The team constantly finds new ideas to tweak and polish

Mar 21, 2014 03:16 GMT  ·  By

The development team at Bethesda is often praised for the huge amount of content it has managed to include in The Elder Scrolls V: Skyrim, and one senior designer at the company says that part of the company’s secret is the way it approaches the creation of its titles.

Joel Burgess explained during a session at the Game Developers Conference called Level Design in a Day: How We Used Iterative Level Design to Ship Skyrim and Fallout 3 that, towards the end of the game development process, his company enters the so-called Ship with Shame iteration phase.

According to the developer, quoted by The Escapist, this represents the moment in the game creation process when the title is technically complete but would not make the company proud if it were launched in that state.

The polishing phase comes after that, and the developer says companies should understand that no game, be it Skyrim or Fallout 3, is ever complete and that studios should simply try to deliver the best experience they can, while staying ready to fix all problems that the community notices.

Burgess also explains that Bethesda does not value the concept of “crunch time,” when developers are asked to work longer hours in order to ship a game.

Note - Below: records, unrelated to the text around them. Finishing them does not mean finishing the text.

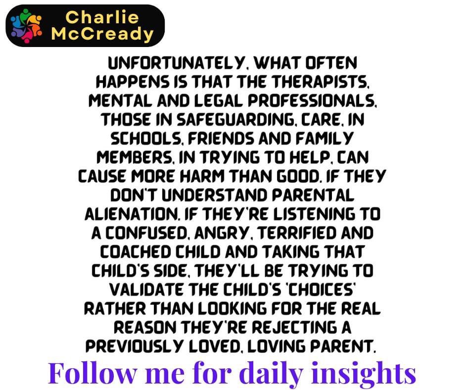 Well-intentioned professionals, therapists, legal experts, friends and family members, can inadvertently worsen the situation. This occurs when they do not understand parental alienation. They often, not without reason, prioritise the child’s perspective, not taking enough into account the covert, coercive, harmful influence of an alienating parent, almost indoctrinating this child. The child may seem highly passionate and plausible. They may express confusion, anger, fear, but not so much of the manipulation. By validating the child’s apparent “choices,” people who could otherwise be more supportive of all the victims of alienation (not just the child) often overlook the deeper causes behind the rejection of a previously cherished and caring parent.
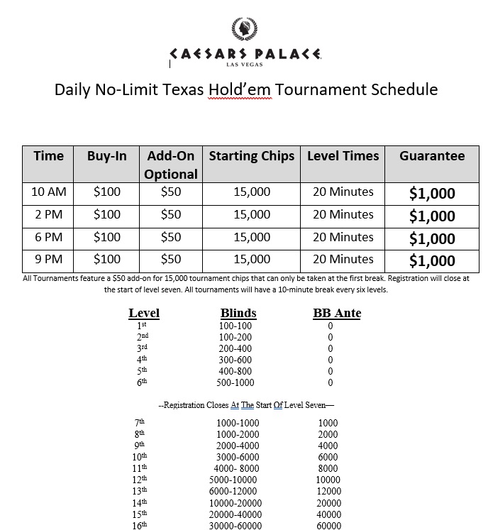 Jetzt hat der Caesars Palace auf seinen Social Media Seiten die umgehende Neueröffnung verkündet. Dabei wurden nicht nur die oft kritisierten unbequemen Stühle gegen komfortable Sitze ausgetauscht und (bislang 8 von 20) alte TVs gegen neue 65“ Screens ausgetauscht. Auch die Farbgebung und die für Casinos auf der ganzen Welt farbtechnisch so „lauten“ Teppiche haben einen Austausch erfahren. Das Feedback von Gelegenheits- und Profi-Spielern war bislang gut – ein Besuch dort könnte sich also lohnen. Noch viel mehr, wenn man auf das neue Schedule der Daily Tournaments (4 MTT mit Buy-Ins zwischen $120 und $160), die angebotenen Cash Games zwischen $1/$3 und $5/$10+ oder die angebotenen Comps ($3/Stunde) schaut.
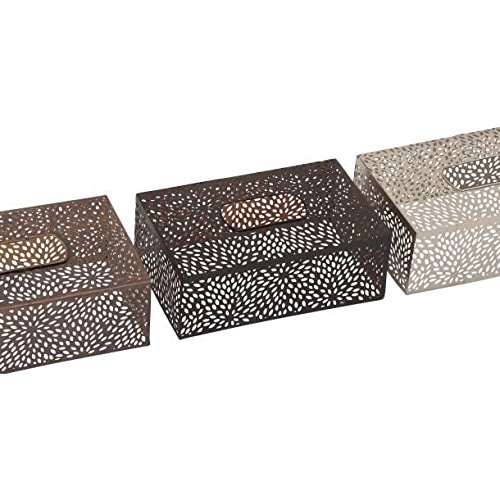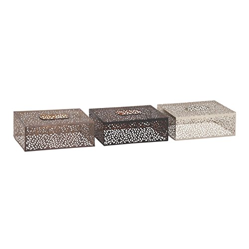 Deco 79 54223 Rectangular Iron Tissue Holders (Set of 3), Brown/Blackandsilver
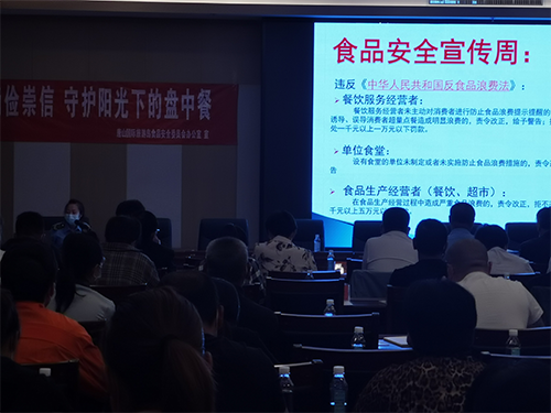 积极动员,在工作微信群下发培训通知,要求全区餐饮服务食品安全负责人和从业人员自觉履行食品安全主体责任义务,积极参与培训学习。5月25日,辖区内餐饮服务单位积极参与,并完成线上考核工作。同时,分局进一步完成上级决策部署工作,在做好疫情防控工作的同时,6月8日开展线下食品安全培训会议,提供面对面交流学习机会,使普法工作走入群众,进而规范餐饮单位日常经营行为。并开展《中华人民共和国反食品浪费法》知识宣讲,下发《杜绝舌尖上的浪费倡议书》100余份,签订反浪费承诺书63份。
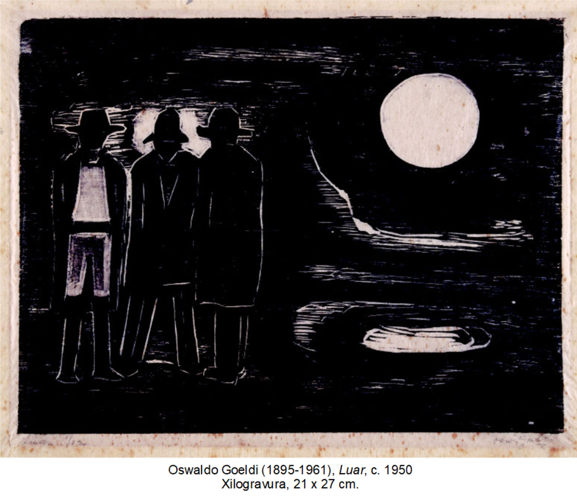 42. Resulta da compreensão em relação ao meio expressivo o modo seco com que as figuras surgem, sem qualquer espécie de sentimentalismo, a exemplo de Luar [ Figura 3 ]. Toda a execução da obra é acompanhada de uma certa abstenção, um dizer pouco que abre vias à imaginação, em manifesto mistério. A imagem resulta do encontro de dois momentos justapostos, de um lado o grupo de anônimos, cujas faces abrigam apenas a noite absoluta; do outro a lua, grande e plena, cujo reflexo revela as águas imóveis da noite onírica. O silêncio é intensificado pelas formas estáveis e os vazios que intercalam os acontecimentos na composição. Sua carga expressiva está justamente na não afetação dos gestos. Há um teor melancólico na obra de Goeldi. É “na redução formal que ele faz da variedade fútil da vida um mundo de poucas referências.”[36] Em Goeldi toda experiência formal se refere à dura realidade transfigurada, em oposição ao caráter evasivo de muitas obras produzidas no interior do modernismo. A sua marginalidade no cenário cultural da época poderia se justificar por terem em alta conta a exaltação de uma brasilidade a partir de um sensualismo telúrico? É sabido, contudo, que artistas e intelectuais, como Manuel Bandeira, Oswald de Andrade e Carpeaux admitiam nele uma presença verdadeira e intrigante.
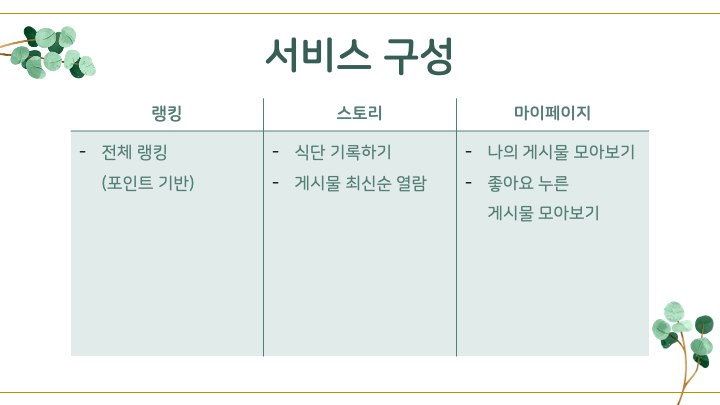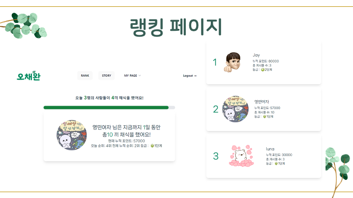 🌱 환경이라는 주제로 프로젝트 기획을 시작하였다. 실생활에서 많은 유저가 서비스를 이용하면서 환경에 기여하고, 나중에 확장성을 고려하고, 수익의 구조가 생길만한 서비스를 기획하고 싶었고, 결론적으로 채식을 통해 포인트를 얻고, 포인트를 사용할 수 있는 농가 쇼핑몰 기능 그리고 랭킹 기능이 있는 서비스를 기획하게 되었다.
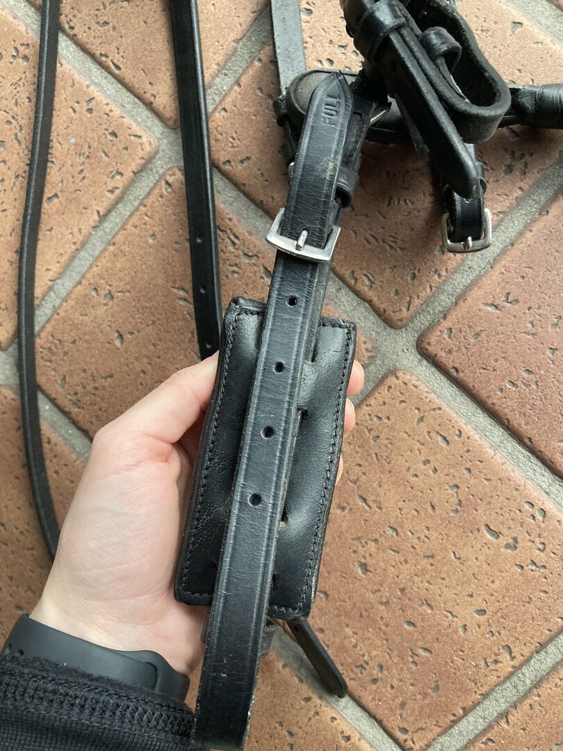 Zweimal benutzter Kappzaum aus Leder mit Metallringen zum Longieren. Es besteht die Option, ein Gebiss einzuschnallen, ist aber auch ohne verwendbar. Hat meinem Pferd leider nicht gepasst und wird deshalb verkauft. Bei sonstigen Fragen gerne melden :)

He says teams should aim to be smarter about how they use their resources and only force longer days on their employees when that’s the only thing holding back a potentially superb game experience.

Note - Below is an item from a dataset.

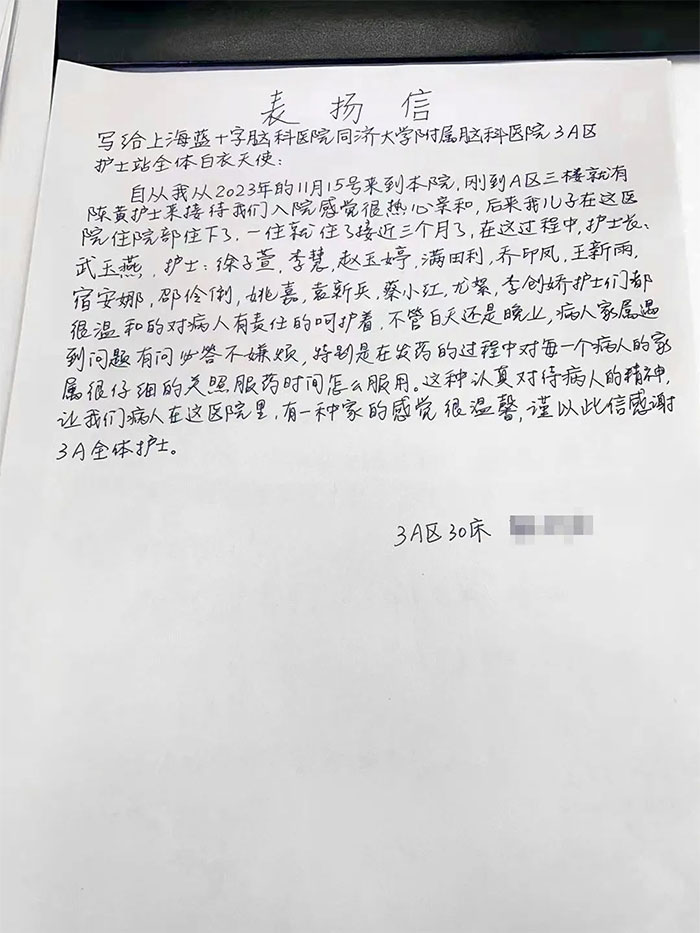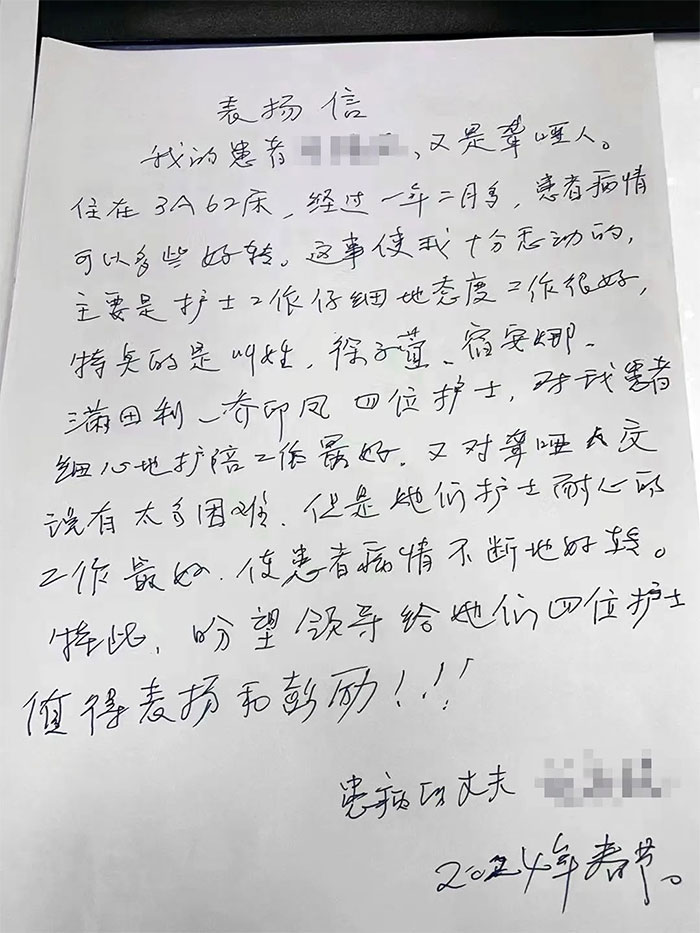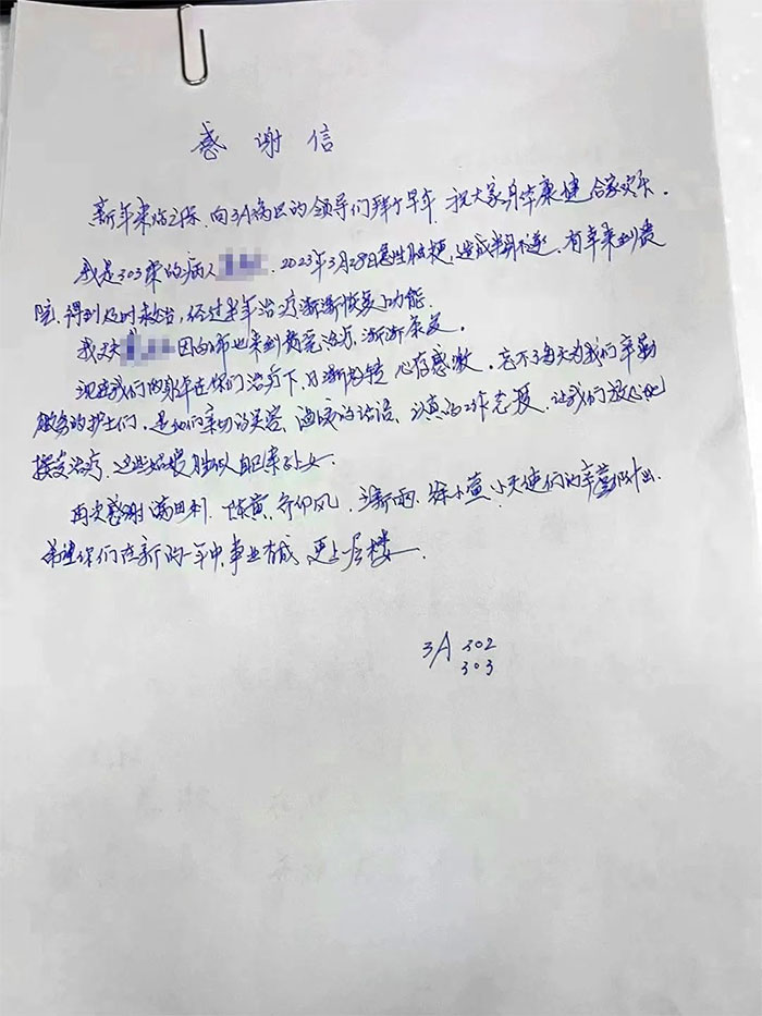 ▲ 3A病區(qū)收到8封感謝信

Bethesda has traditionally been known for the scope of its games, both in the Elder Scrolls and the Fallout franchises, but they often also came with problems on launch day, which frequently took a number of patches before they were fully fixed.

Players often blame developers for problems with the titles they buy, but the sheer complexity of today’s video games often means that, on launch, new issues that were never visible during the development and the testing process could crop up.

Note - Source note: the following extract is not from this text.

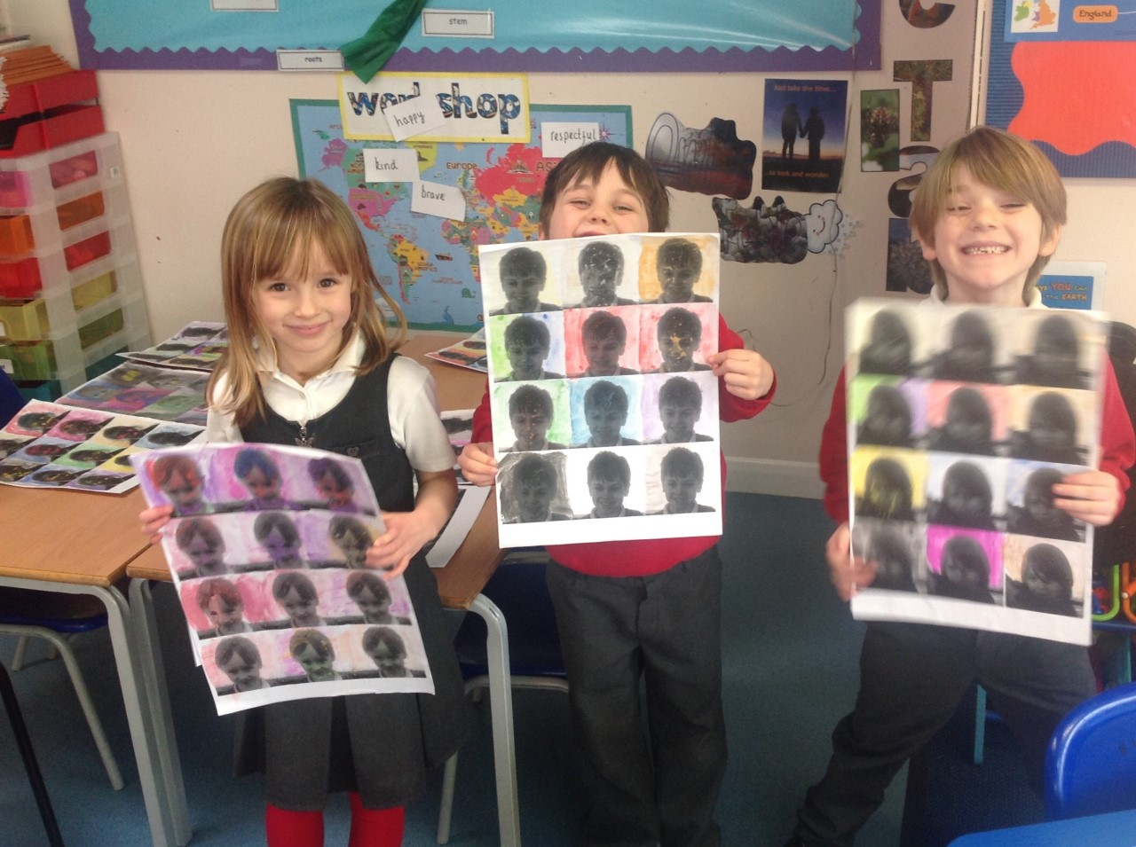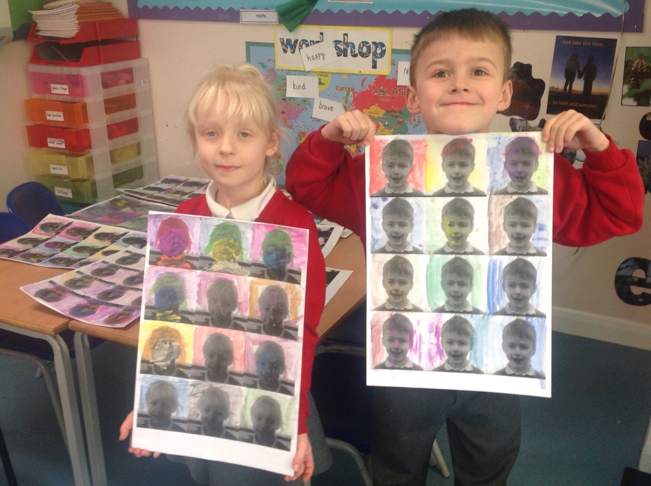 Last week we looked at Warhol’s art but rather than printing we used watercolour paint.

Rumors suggest that at the moment the company is working on new entries for both the Elder Scrolls and the Fallout universes, with at least one of them set to be officially unveiled before the end of the year.

Before that moment, the company will support the launch of The Elder Scrolls Online, the MMO created by ZeniMax Online, which will be offered on the PC and Mac on April 4 and will also get Xbox One and PlayStation 4 versions during summer.